> ASSIGNMENT
Using the listing below, set down exactly the lines from the one that contains "A single ICER" through the one that contains "Электронное управление помогает", with no pictures.

> DATA EXCERPTS
□ □ □ □
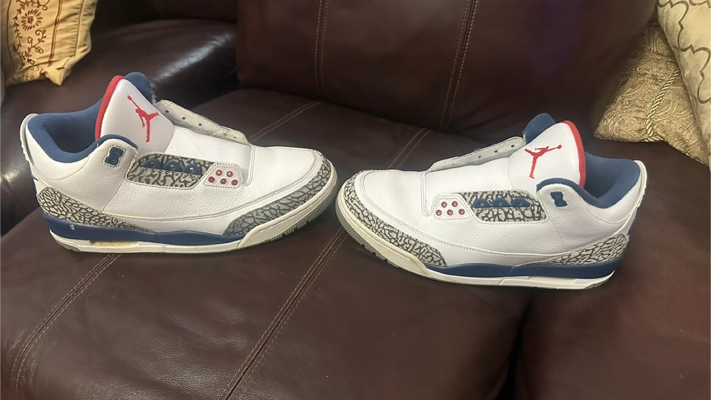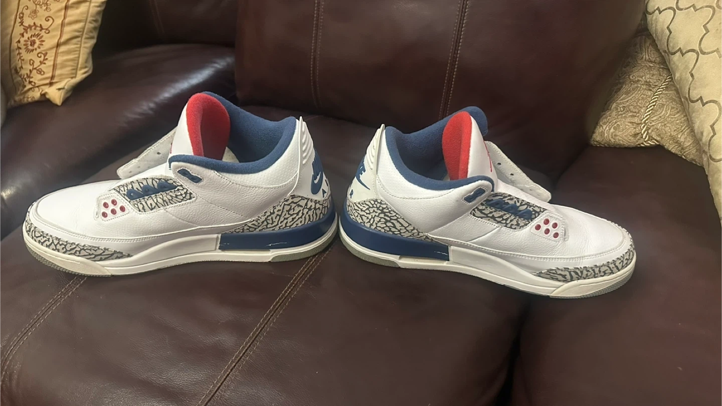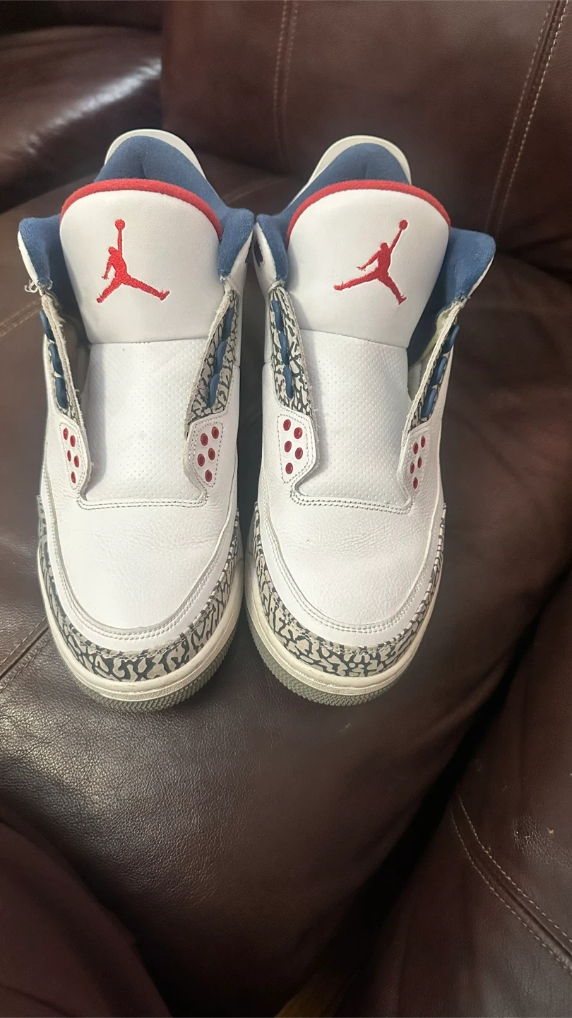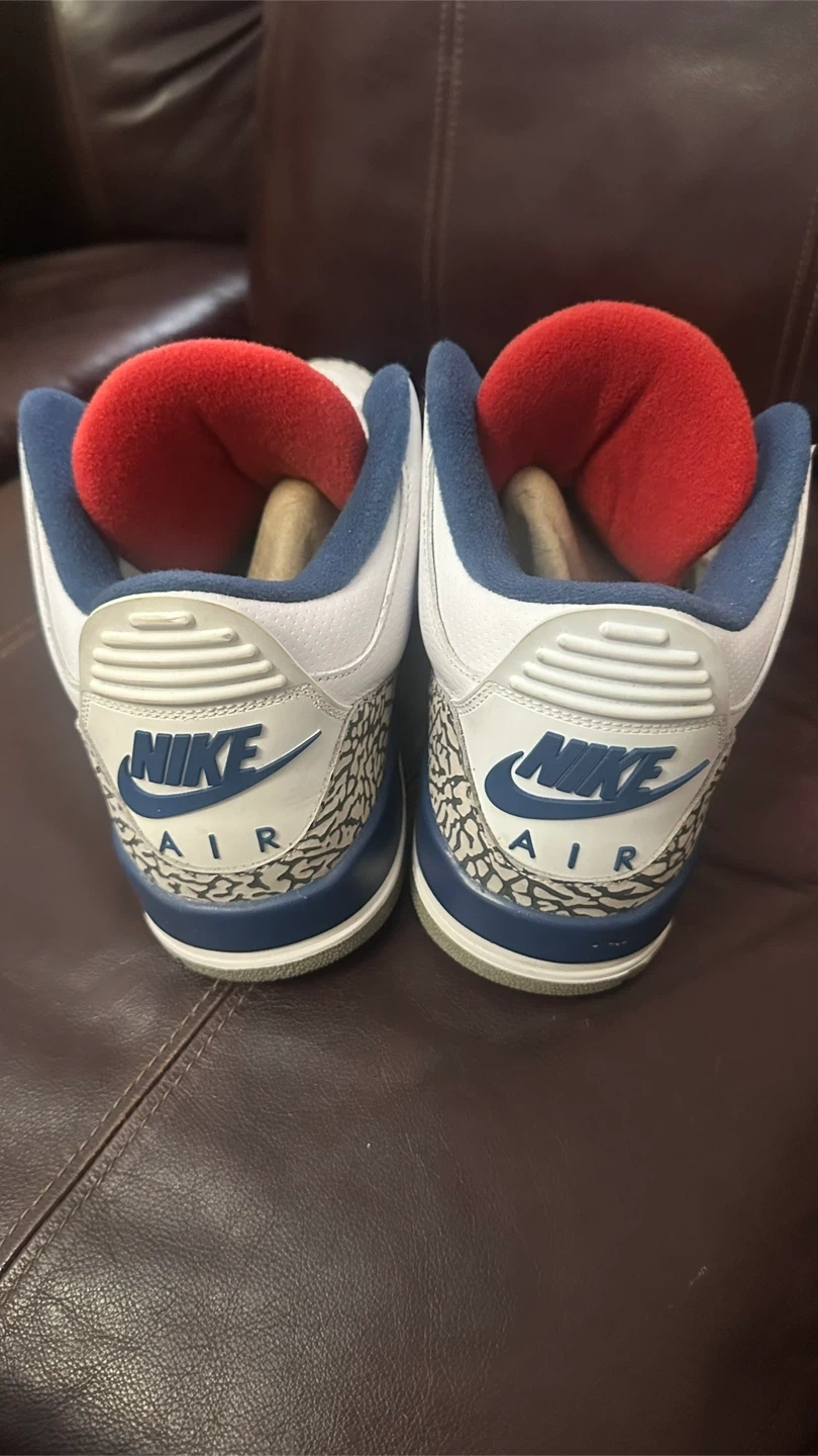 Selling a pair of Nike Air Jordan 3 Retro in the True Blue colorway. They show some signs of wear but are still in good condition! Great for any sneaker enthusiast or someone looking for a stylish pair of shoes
□ □ □ □
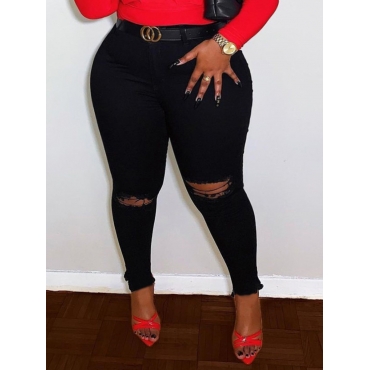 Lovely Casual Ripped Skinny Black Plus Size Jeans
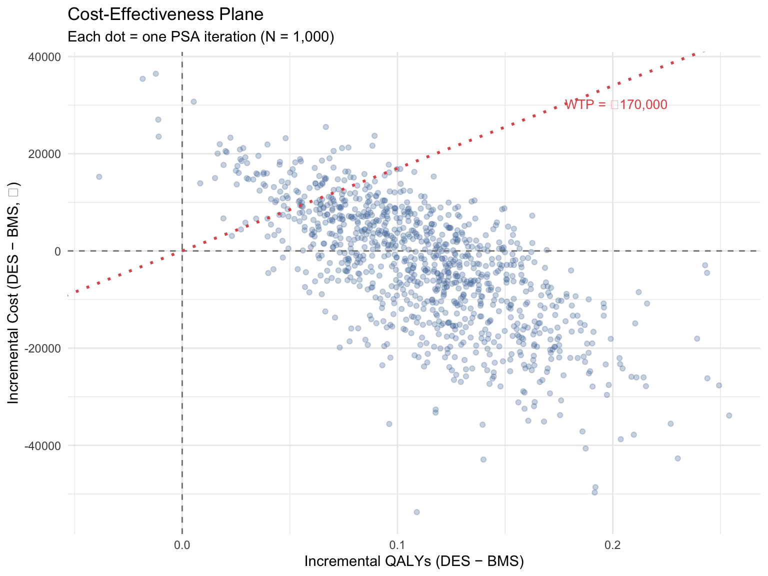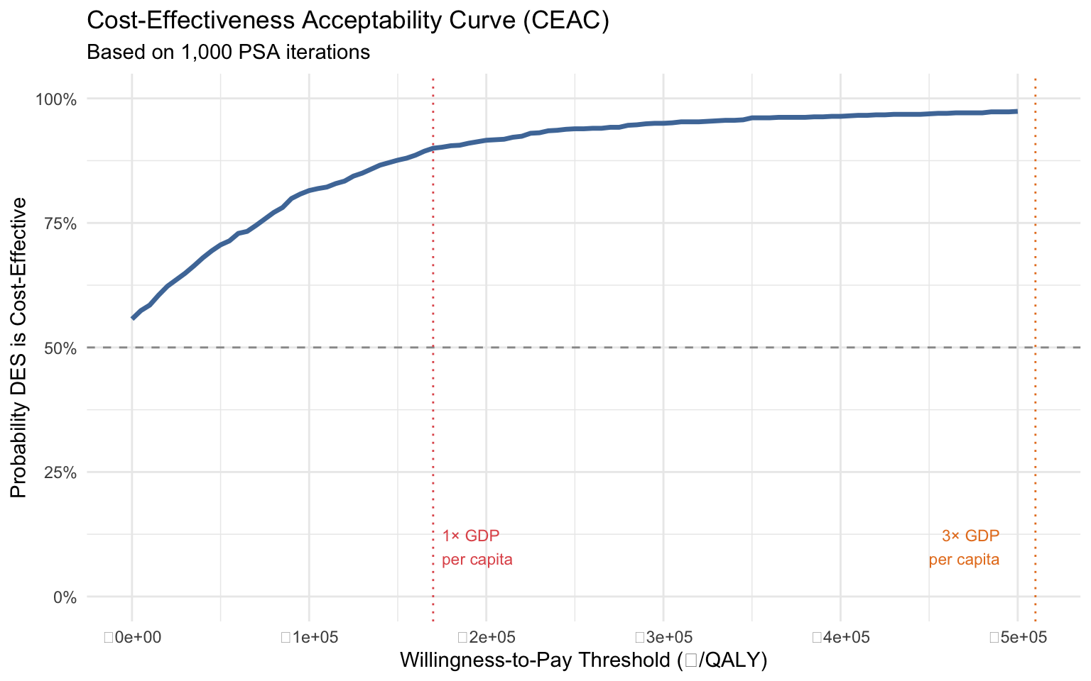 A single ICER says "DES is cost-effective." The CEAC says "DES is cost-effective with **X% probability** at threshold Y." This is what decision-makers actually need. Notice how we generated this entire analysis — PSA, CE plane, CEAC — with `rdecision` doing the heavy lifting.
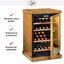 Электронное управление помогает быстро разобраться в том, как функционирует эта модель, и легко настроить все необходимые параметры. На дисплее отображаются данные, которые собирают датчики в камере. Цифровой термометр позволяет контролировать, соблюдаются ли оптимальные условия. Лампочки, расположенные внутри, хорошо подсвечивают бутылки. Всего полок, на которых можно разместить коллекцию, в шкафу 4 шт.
□ □ □ □
> TASK ANSWER
 A single ICER says "DES is cost-effective." The CEAC says "DES is cost-effective with **X% probability** at threshold Y." This is what decision-makers actually need. Notice how we generated this entire analysis — PSA, CE plane, CEAC — with `rdecision` doing the heavy lifting.
 Электронное управление помогает быстро разобраться в том, как функционирует эта модель, и легко настроить все необходимые параметры. На дисплее отображаются данные, которые собирают датчики в камере. Цифровой термометр позволяет контролировать, соблюдаются ли оптимальные условия. Лампочки, расположенные внутри, хорошо подсвечивают бутылки. Всего полок, на которых можно разместить коллекцию, в шкафу 4 шт.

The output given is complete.